Reports of GAGs in Annelida are limited to only a few papers. Recently, Amaral et al. have characterized the compartmental distribution of sulfated GAGs in the earthworm Eisenia andrei. HS and CS but not DS were purified from the whole body of adult earthworms. Although the composition of GAGs in juveniles is similar to that in adults, the newborn earthworms predominantly contained CS and no GAGs were detected in cocoons. The disaccharide composition of GAGs from earthworms was analyzed by Im et al. using liquid chromatography-electrospray ionization mass spectrometry.Citation46 The earthworm CS is composed of nonsulfated, 6-O-sulfated, and 2-O- and 4-O-disulfated disaccharide units, and its HS contained 2-N-sulfated, 2-N- and 6-O-disulfated, and 2-O-, 2-N-, and 6-O-trisulfated disaccharide units. The disaccharide composition of HS is very unusual, in that no N-acetyl group was observed.

GAGs in Tunicata (CS, DS and HS)

The major GAG reported in ascidians is DS, distinctive from mammalian DS in its sulfation at the C2-position of the IdoA residue and/or C6-position of the GalNAc residue. The predominant structure of DS from Ascidia nigra and Halocynthia pyriformis is “IdoA(2-O-sulfate)-GalNAc(6-O-sulfate)”Citation47 and “IdoA(2-O-sulfate)-GalNAc(4-O-sulfate),”Citation48 respectively.

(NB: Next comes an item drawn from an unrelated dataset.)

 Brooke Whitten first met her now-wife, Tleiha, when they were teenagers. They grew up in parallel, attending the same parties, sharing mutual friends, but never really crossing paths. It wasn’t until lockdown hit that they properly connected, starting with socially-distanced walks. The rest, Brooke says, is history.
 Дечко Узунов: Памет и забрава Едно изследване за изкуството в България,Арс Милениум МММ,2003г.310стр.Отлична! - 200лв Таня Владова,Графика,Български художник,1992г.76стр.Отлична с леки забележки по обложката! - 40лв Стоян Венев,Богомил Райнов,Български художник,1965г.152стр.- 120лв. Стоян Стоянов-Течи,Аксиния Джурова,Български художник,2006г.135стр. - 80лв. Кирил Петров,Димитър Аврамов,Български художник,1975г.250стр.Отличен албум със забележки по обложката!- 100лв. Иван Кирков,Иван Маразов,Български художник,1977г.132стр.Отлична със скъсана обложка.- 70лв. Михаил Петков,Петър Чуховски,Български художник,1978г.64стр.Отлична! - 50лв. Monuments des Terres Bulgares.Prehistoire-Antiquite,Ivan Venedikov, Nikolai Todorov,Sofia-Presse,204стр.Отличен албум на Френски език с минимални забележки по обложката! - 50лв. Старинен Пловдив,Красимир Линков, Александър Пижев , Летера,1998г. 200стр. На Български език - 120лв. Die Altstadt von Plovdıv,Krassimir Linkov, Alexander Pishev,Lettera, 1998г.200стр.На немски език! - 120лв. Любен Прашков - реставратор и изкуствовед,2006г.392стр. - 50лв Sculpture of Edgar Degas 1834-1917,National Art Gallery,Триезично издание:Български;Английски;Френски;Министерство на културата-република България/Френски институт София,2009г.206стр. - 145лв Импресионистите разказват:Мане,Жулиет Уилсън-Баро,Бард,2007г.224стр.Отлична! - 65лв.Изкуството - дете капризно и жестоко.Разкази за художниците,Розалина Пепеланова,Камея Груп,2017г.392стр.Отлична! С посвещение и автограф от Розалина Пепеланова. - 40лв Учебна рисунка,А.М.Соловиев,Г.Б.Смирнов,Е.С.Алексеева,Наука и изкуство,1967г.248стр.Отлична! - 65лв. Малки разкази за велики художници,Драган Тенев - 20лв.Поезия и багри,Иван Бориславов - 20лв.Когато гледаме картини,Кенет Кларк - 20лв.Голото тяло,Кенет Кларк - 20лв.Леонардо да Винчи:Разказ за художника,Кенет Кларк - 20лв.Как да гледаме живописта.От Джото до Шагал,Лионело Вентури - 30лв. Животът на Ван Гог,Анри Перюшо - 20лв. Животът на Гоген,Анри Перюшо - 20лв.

Although the former DS has no discernible anticoagulant activity, the latter DS is a potent anticoagulant that potentiates the inhibition of thrombin by heparin cofactor II, whose activity is approximately 10-fold higher than mammalian DS.Citation48 DS from Ascidia nigra was also demonstrated to bind and activate hepatocyte growth factor/scatter factor.Citation49 The presence of CS in ascidians has been reported by Xu et al. It was extracted from the ascidian tunic and shown to be composed of 6-O-sulfated (43%) and 4-O-disulfated (57%) disaccharide units. It showed anti-inflammatory activity by reducing the expression of inflammatory factors in a mouse model of inflammation of the skin. Recently, a set of genes homologous to the chondroitin/dermatan sulfotransferase genes has been identified in the genome of the ascidian Ciona intestinalis.Citation51 The number of sulfotransferase genes was 19, which is unexpectedly large, but consistent with the complex sulfation structure in ascidian DS.

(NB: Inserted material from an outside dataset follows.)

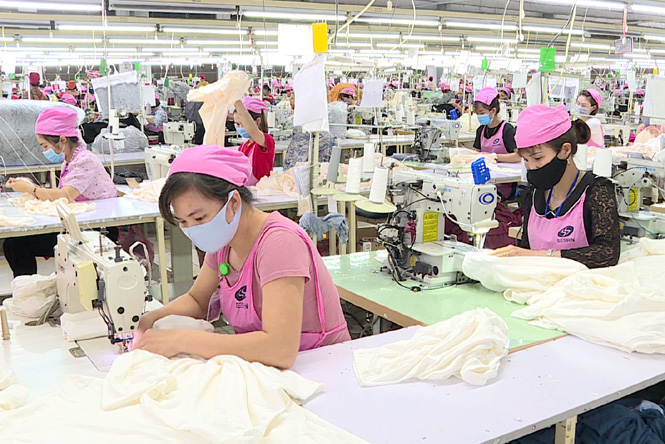 Dây chuyền sản xuất hàng xuất khẩu của Nhà máy May Seshin VN2.  Ảnh: Thu Hương

HS was isolated from test cells of the ascidian Styela plicata and its structure was characterized.Citation52 The HS from the test cells was highly sulfated, and its major disaccharide unit was HexA(2-O-sulfate)-GlcN(2-N-, 6-O-disulfate) (approximately 53%), while the disulfated disaccharide, HexA(2-O-sulfate)-GlcN(2-N-sulfate), as well as the monosulfated disaccharides, HexA-GlcN(2-N-sulfate) and HexA-GlcNAc(6-O-sulfate), accounted for 22, 11 and 14%, respectively. In the developing larva, the test cells containing HS produced an external and hydrophilic layer for protection. In the adult ascidian, HS occurs as intracellular granules at the apical tip of epithelial cells surrounding the lumen of both the intestine and pharynx, in close contact with the external environment, a distribution similar to that of heparin in mammalian mast cells. The arrangement of HS in ascidians may reflect its participation in defensive mechanisms.Citation53

GAGs in Mollusca (CS, DS, HS and HA)

There are many reports on GAGs from Mollusca. This emphasizes the heterogeneity of GAGs in this phylum. The structural diversity of mollusk GAGs may even be greater than that of vertebrate GAGs.

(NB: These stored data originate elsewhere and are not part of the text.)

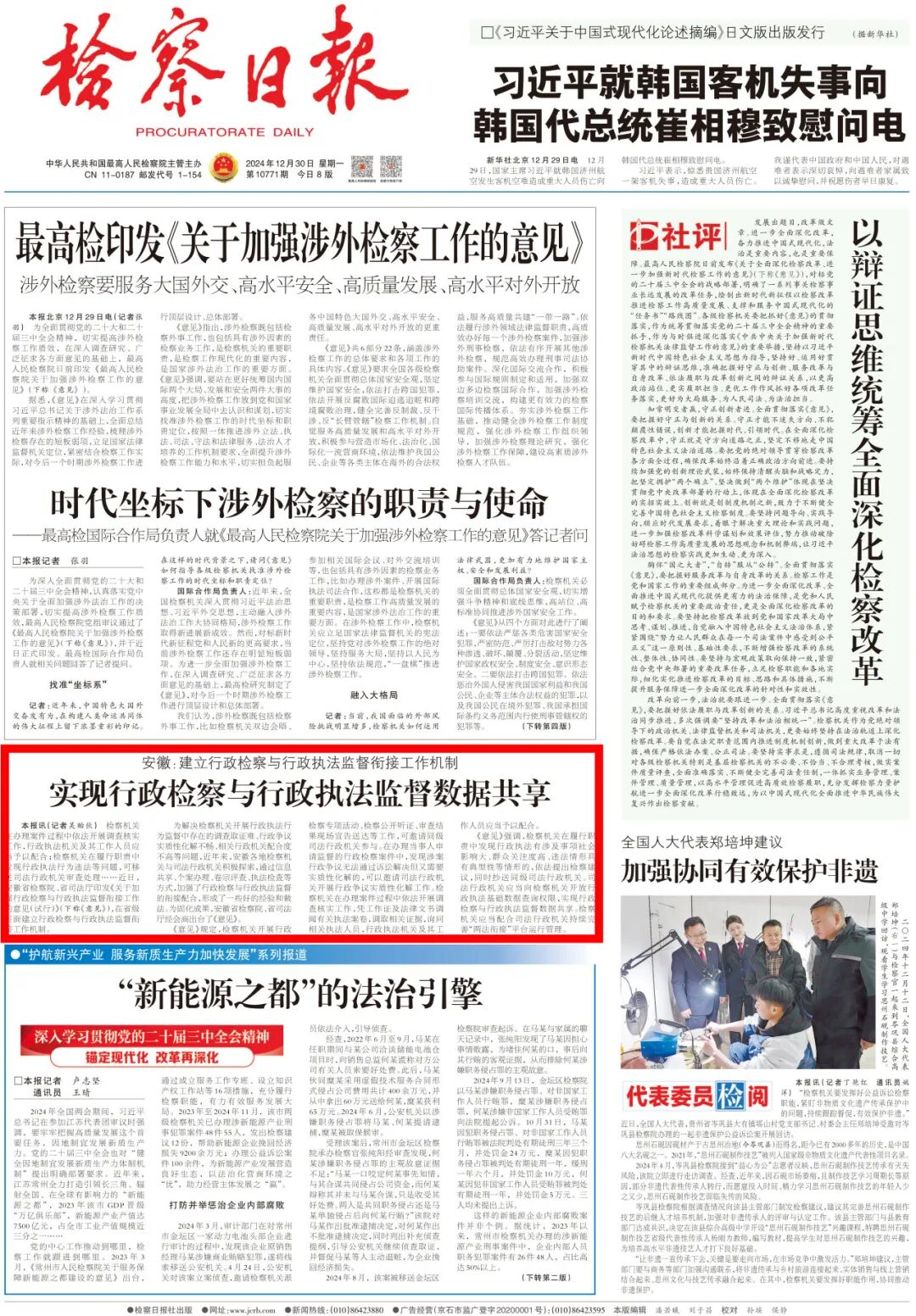 检察机关在办理案件过程中依法开展调查核实工作,行政执法机关及其工作人员应当予以配合;检察机关在履行职责中发现行政执法行为违法等问题,可移送司法行政机关审查处理……近日,安徽省检察院、省司法厅印发《关于加强行政检察与行政执法监督衔接工作的意见(试行)》(下称《意见》),在省级层面建立行政检察与行政执法监督衔接工作机制。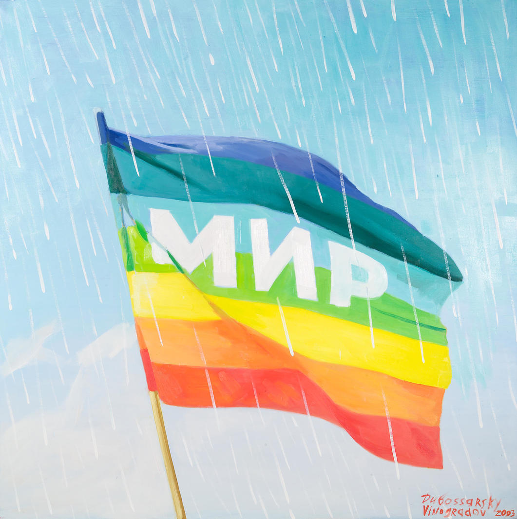 В основе представленной работы лежит визуальный язык социалистического реализма, сюжеты которого часто пестрят знаменами, флагами и транспарантами с ободряющими пропагандистскими лозунгами. Однако с новыми временами приходят новые атрибуты, и вместо первомайского алого знамени художники изображают радужный флаг международного пацифистского движения все с тем же призывом: «МИР».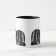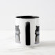 Chat, rayé noir et blanc. La peinture du chat est posée avec la queue recouverte et l'alerte thermique. Les cheveux longs apparaissent dans la queue et le visage moelleux. Une image de chaque côté, face à la poignée de la tasse.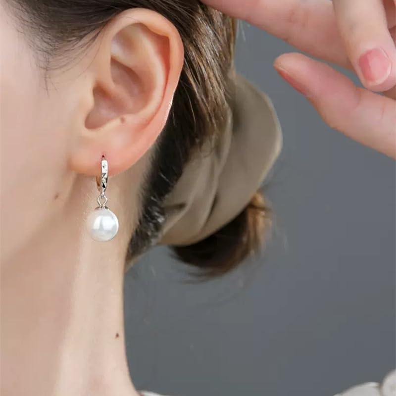 Rockyu のフープパールイヤリングは、耳元で上品に揺れるクラシカルデザイン。丸みのある一粒パールがシンプルながら華やかさを添え、シルバーの輝きと調和して、顔周りを明るく見せてくれます。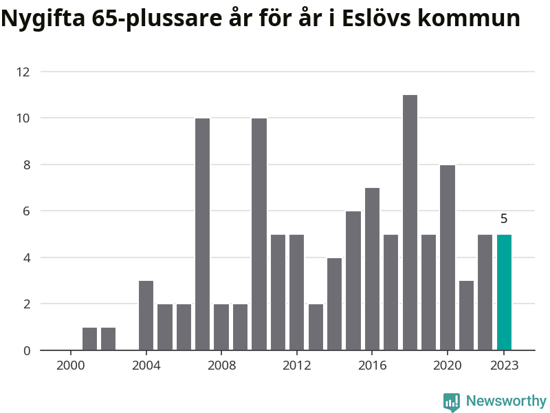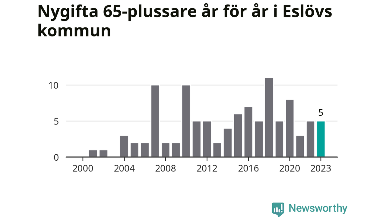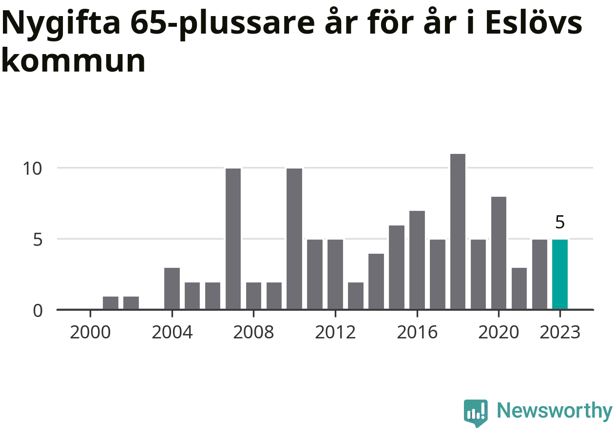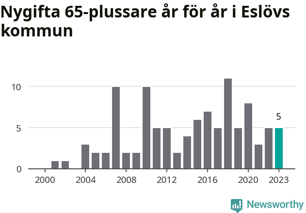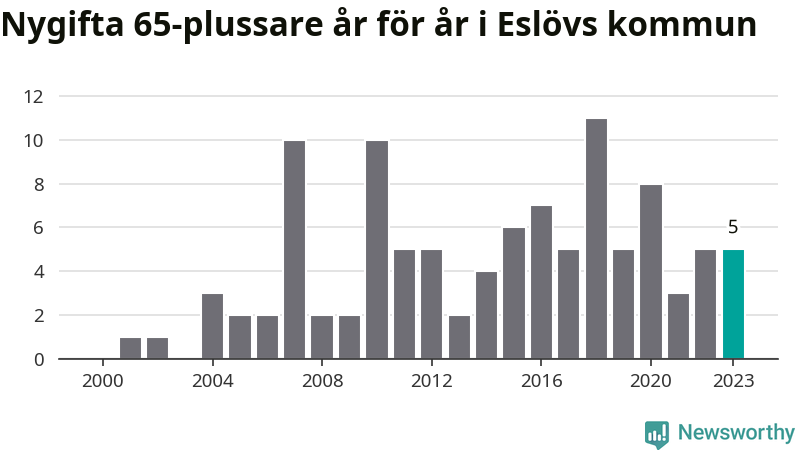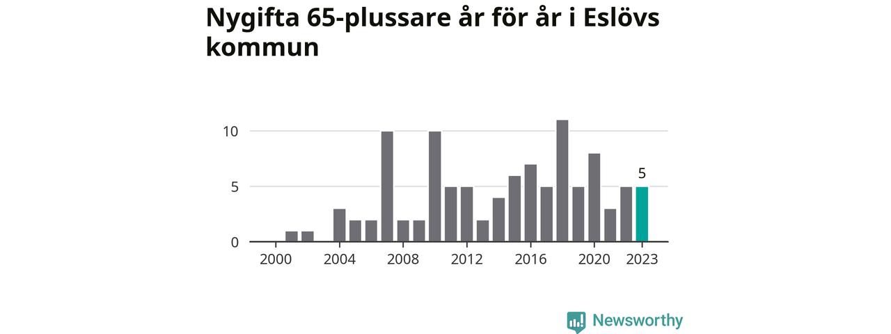 23 personer. Så många Eslövsbor gifte sig efter 65-årsdagen under hela 00-talet. Under det senaste decenniet, mellan 2014 och 2023, har samma siffra ökat till 59. Nästan en tredubbling, med andra ord.

An oversulfated CS from squid cartilage is available commercially and often utilized to study the biological activities of highly sulfated CS. The heavily modified CS also contains 3-O-sulfated GlcA as well as a β-D-Glc branch.Citation54Citation58 CS preparations from various squid body parts have also been investigated,Citation58Citation63 indicating not only a highly sulfated CS but also a nonsulfated Chn as a homogenous polymer.Citation59,Citation63 CS is more concentrated in the skin and fins than in other tissues in squid.Citation63

Highly sulfated HS preparations have also been isolated from various species of mollusks by Dietrich et al. and other groups.Citation64Citation68 Like the mammalian HS, the mollusk HS is composed of blocks of low sulfated GlcNAc-containing disaccharides and highly sulfated GlcN(2-N-sulfate)-containing disaccharides. The structural analysis of a clam HS revealed the presence of a large amount of GlcN(3-O-sulfate)-containing saccharide, identified as a unique marker for the antithrombin-binding region of heparin/HS.Citation69 An HS preparation with a unique structure was isolated from the giant African snail Achatina fulica and named acharan sulfate.Citation70 The major repeating disaccharide sequence in acharan sulfate is IdoA(2-O-sulfate)-GlcNAc. Recently, a unique HS has been isolated from the bivalve Nodipecten nodosus (Linnaeus 1758).Citation71 The disaccharide units in the HS chain are composed of nonsulfated, 2-O-sulfated or 3-O-sulfated GlcA as well as 2-N-sulfated and/or 6-O-sulfated GlcN, and the anticoagulant activity of the mollusk HS was 5-fold lower than that of porcine heparin. Although the HS occurs at the basement membrane of the gill epithelium and throughout the extracellular matrix of the gills and mantle of the bivalve, its biological role in the mollusk has not been elucidated.

The presence of DS in a mollusk has also been proved. GAGs from the body of the marine clam Scapharca inaequivalvis are composed of 58% DS, 16% CS and 26% HS.Citation72 The major disaccharide units in DS from S. inaequivalvis are monosulfated at the C4-position of GalNAc [IdoA-GalNAc(4-O-sulfate) unit] and disulfated at the C2-position of IdoA as well as C4-position of GalNAc [IdoA(2-O-sulfate)-GalNAc(4-O-sulfate) unit].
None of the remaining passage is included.